◆ **Data for processing**

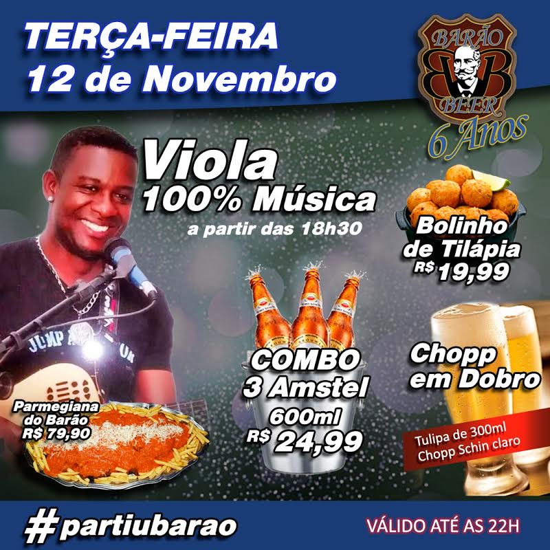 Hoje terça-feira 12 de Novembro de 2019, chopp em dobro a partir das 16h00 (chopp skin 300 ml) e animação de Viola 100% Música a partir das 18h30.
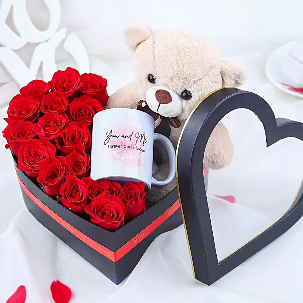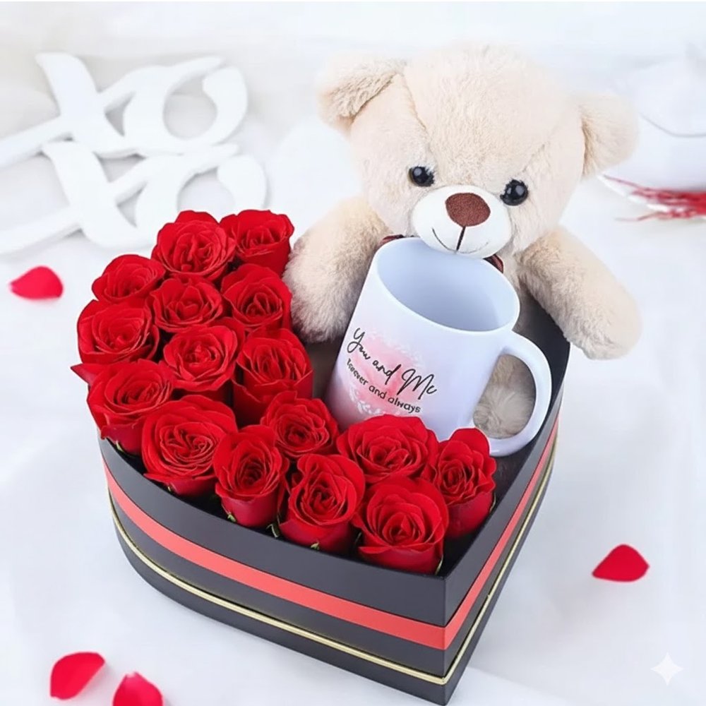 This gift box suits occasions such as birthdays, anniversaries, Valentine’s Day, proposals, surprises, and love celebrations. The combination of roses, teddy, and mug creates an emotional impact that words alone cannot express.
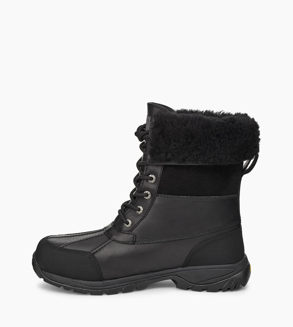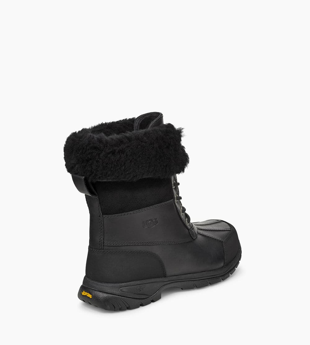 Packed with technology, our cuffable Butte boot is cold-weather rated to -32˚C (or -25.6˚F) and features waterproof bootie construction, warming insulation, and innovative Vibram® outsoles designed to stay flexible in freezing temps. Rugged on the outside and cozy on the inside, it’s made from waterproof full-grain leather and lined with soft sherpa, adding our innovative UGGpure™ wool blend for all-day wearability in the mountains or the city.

* * *

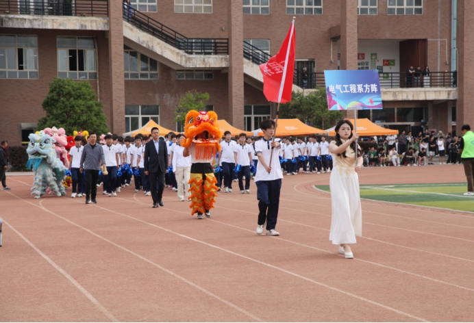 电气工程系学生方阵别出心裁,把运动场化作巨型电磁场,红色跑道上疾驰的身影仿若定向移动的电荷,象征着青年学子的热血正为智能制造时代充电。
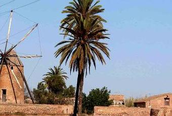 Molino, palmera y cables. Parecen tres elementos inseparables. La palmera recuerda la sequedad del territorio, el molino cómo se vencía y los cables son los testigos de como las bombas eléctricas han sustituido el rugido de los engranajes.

...

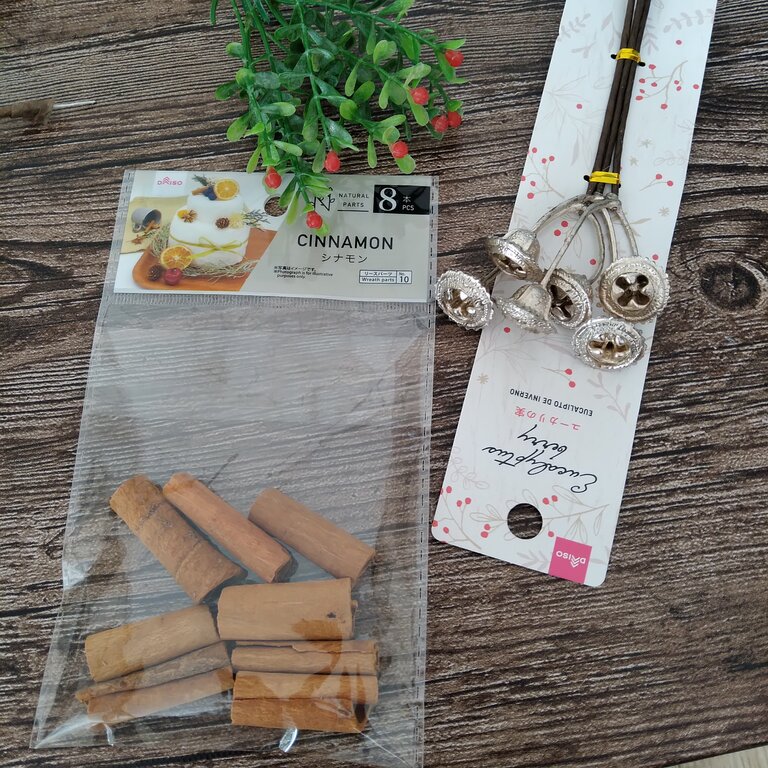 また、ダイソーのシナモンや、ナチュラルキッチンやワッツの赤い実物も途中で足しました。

◆ **Requirement**
Print the line above containing "Hoje terça-feira 12", the line containing "Packed with technology, our", and everything between them, exactly as written. Pictures stay out.

◆ **Response to this task**
 Hoje terça-feira 12 de Novembro de 2019, chopp em dobro a partir das 16h00 (chopp skin 300 ml) e animação de Viola 100% Música a partir das 18h30.
 This gift box suits occasions such as birthdays, anniversaries, Valentine’s Day, proposals, surprises, and love celebrations. The combination of roses, teddy, and mug creates an emotional impact that words alone cannot express.
 Packed with technology, our cuffable Butte boot is cold-weather rated to -32˚C (or -25.6˚F) and features waterproof bootie construction, warming insulation, and innovative Vibram® outsoles designed to stay flexible in freezing temps. Rugged on the outside and cozy on the inside, it’s made from waterproof full-grain leather and lined with soft sherpa, adding our innovative UGGpure™ wool blend for all-day wearability in the mountains or the city.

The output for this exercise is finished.